Even with this approach, there’s a chance the LLM may hallucinate something. So there is a final step that Vectara does. The output from the second neural network is fact-checked, said Awadallah, “to see how close it is to the original facts.”
He credits Microsoft with coming up with the term “grounding,” which he said nicely describes the above process. “You’re grounding the large language model by constraining it to facts,” he said.
Types of LLMs Used
I asked whether Vectara is using its own proprietary LLMs, third party LLMs (like OpenAI or Google), or open source?
The retrieval engine, he replied, is their own proprietary one. “We built that model — that’s our specialty, that’s our core, that’s our essence.”

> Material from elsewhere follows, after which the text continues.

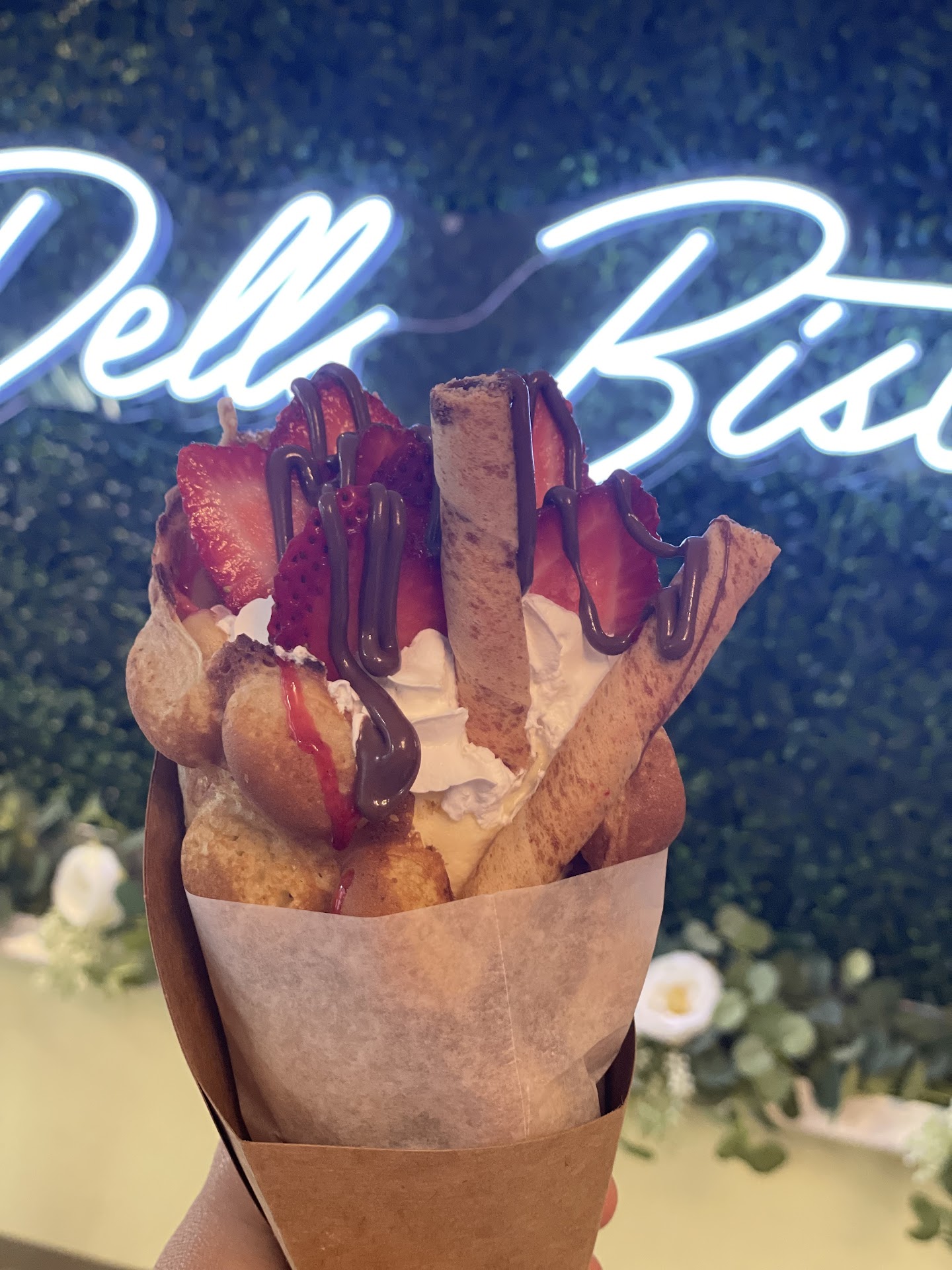 Its a very small place and while it was relatively clean looking, I wouldn't recommend eating here with any more than 4 people because there isn't much seating. The menu is very limited, which is fine but what we did get wasn't very good. We got 3 sandwiches, 2 BBQ Chicken and 1 Ham and Swiss. All of them were lukewarm at best. For the price, there was nothing special about the sandwiches. It was just the meat and the sauce and some cheese thrown on a plain hoagie roll for the BBQ Chicken. The BBQ sauce wasn't very flavorful and the chicken was gristly on mine. The ham and swiss was ok, same plain hoagie roll and meat and cheese and tomato, which was a nice addition, but since it was lukewarm to cold, it didn't taste that good. It probably would have been better if they just served it cold. For the prices, I would have expected at least Panera level of quality and this was far from that. One of our party got a bubble waffle and I thought it was good, but not worth...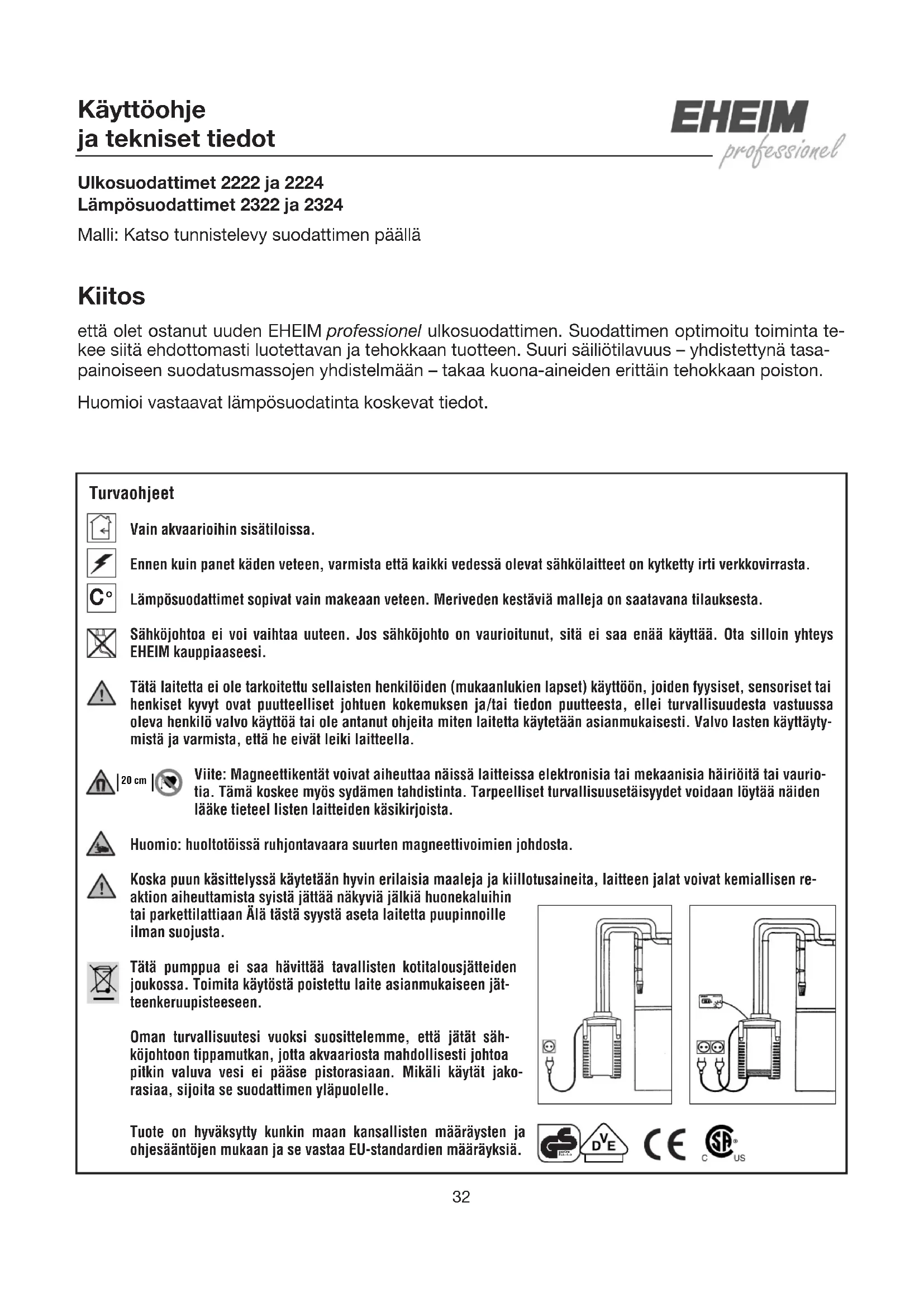 °32 Käyttöohje ja tekniset tiedot Ulkosuodattimet 2222 ja 2224 Lämpösuodattimet 2322 ja 2324 Malli: Katso tunnistelevy suodattimen päällä Kiitos että olet ostanut uuden EHEIM professionel ulkosuodattimen. Suodattimen optimoitu toiminta te- kee siitä ehdottomasti luotettavan ja tehokkaan tuotteen. Suuri säiliötilavuus – yhdistettynä tasa- painoiseen suodatusmassojen yhdistelmään – takaa kuona-aineiden erittäin tehokkaan poiston. Huomioi vastaavat lämpösuodatinta koskevat tiedot. Turvaohjeet Vain akvaarioihin sisätiloissa.Ennen kuin panet käden veteen, varmista että kaikki vedessä olevat sähkölaitteet on kytketty irti verkkovirrasta.Lämpösuodattimet sopivat vain makeaan veteen. Meriveden kestäviä malleja on saatavana tilauksesta. Sähköjohtoa ei voi vaihtaa uuteen. Jos sähköjohto on vaurioitunut, sitä ei saa enää käyttää. Ota silloin yhteys EHEIM kauppiaaseesi.Tätä laitetta ei ole tarkoitettu sellaisten henkilöiden (mukaanlukien lapset) käyttöön, joiden fyysiset, sensoriset tai henkiset kyvyt ovat puutteelliset johtuen kokemuksen ja/tai tiedon puutteesta, ellei turvallisuudesta vastuussa oleva henkilö valvo käyttöä tai ole antanut ohjeita miten laitetta käytetään asianmukaisesti. Valvo lasten käyttäyty-mistä ja varmista, että he eivät leiki laitteella.Viite: Magneettikentät voivat aiheuttaa näissä laitteissa elektronisia tai mekaanisia häiriöitä tai vaurio-tia. Tämä koskee myös sydämen tahdistinta. Tarpeelliset turvallisuusetäisyydet voidaan löytää näidenlääke tieteel listen laitteiden käsikirjoista.Huomio: huoltotöissä ruhjontavaara suurten magneettivoimien johdosta.Koska puun käsittelyssä käytetään hyvin erilaisia maaleja ja kiillotusaineita, laitteen jalat voivat kemiallisen re-aktion aiheuttamista syistä jättää näkyviä jälkiä huonekaluihintai parkettilattiaan Älä tästä syystä aseta laitetta puupinnoilleilman suojusta. Tätä pumppua ei saa hävittää tavallisten kotitalousjätteiden joukossa. Toimita käytöstä poistettu laite asianmukaiseen jät-teenkeruupisteeseen.Oman turvallisuutesi vuoksi suosittelemme, että jätät säh-köjohtoon tippamutkan, jotta akvaariosta mahdollisesti johtoapitkin valuva vesi ei pääse pistorasiaan. Mikäli käytät jako-rasiaa, sijoita se suodattimen yläpuolelle. Tuote on hyväksytty kunkin maan kansallisten määräysten jaohjesääntöjen mukaan ja se vastaa EU-standardien määräyksiä.

The summarization model is mT5, an open source model created elsewhere. “We are not tied to any given model,” he said, regarding summarization. “We pick the best model that we can find to do what we need to do.”
In addition to the main two LLMs, Vectara also uses a “cross attentional re-ranker” model — which it developed. This, said Awadallah, re-sorts the data from the retrieval model, “so that the most relevant things are higher up in the list of facts, and the less relevant things are lower down.” Then it’s put through the summarizer model.
How Vectara Differs from Cohere and OpenAI
When I spoke to Cohere, which is also in the business of bringing ChatGPT-like functionality to the enterprise, they had talked about customers adding their own data to Cohere’s base models, and using reinforcement learning on those custom models.
Vectara does it differently. Awadallah called it the “IKEA developer model,” which he described as “very prescriptive” for the customer. By contrast, he characterized the Cohere and OpenAI approaches as the “Home Depot developer model,” where customers are given the toolset and create the solution from those tools.
“This is the prescription for how you’re going to get this done,” he said, about Vectara’s way of doing generative AI. “And a very simple API that does the job for them.”
The iPhone Moment for AI
Lastly, given Awadallah’s experience with Cloudera and then Google, I asked whether he sees the current AI landscape as being similar to cloud computing in its early days — in other words, are generative AI and LLMs about to change everything (again) for enterprise IT? It’s looking like AI technology will be embedded in all enterprise IT systems in the near future, I added.
“Absolutely,” he replied. “I believe [that] in five years, every single application — whether that be on the consumer side or in the business/enterprise side — will be re-architected in a way that is a lot more human in nature, in terms of how we express what we are trying to achieve and what we’re trying to do.”
By “human in nature,” he means that we will converse with applications. He thinks this is a seachange in user experience comparable to the touchscreen interface of the iPhone when it was first introduced.
Of course, it’s all very well talking with AI, but the real challenge is to stop it from telling lies.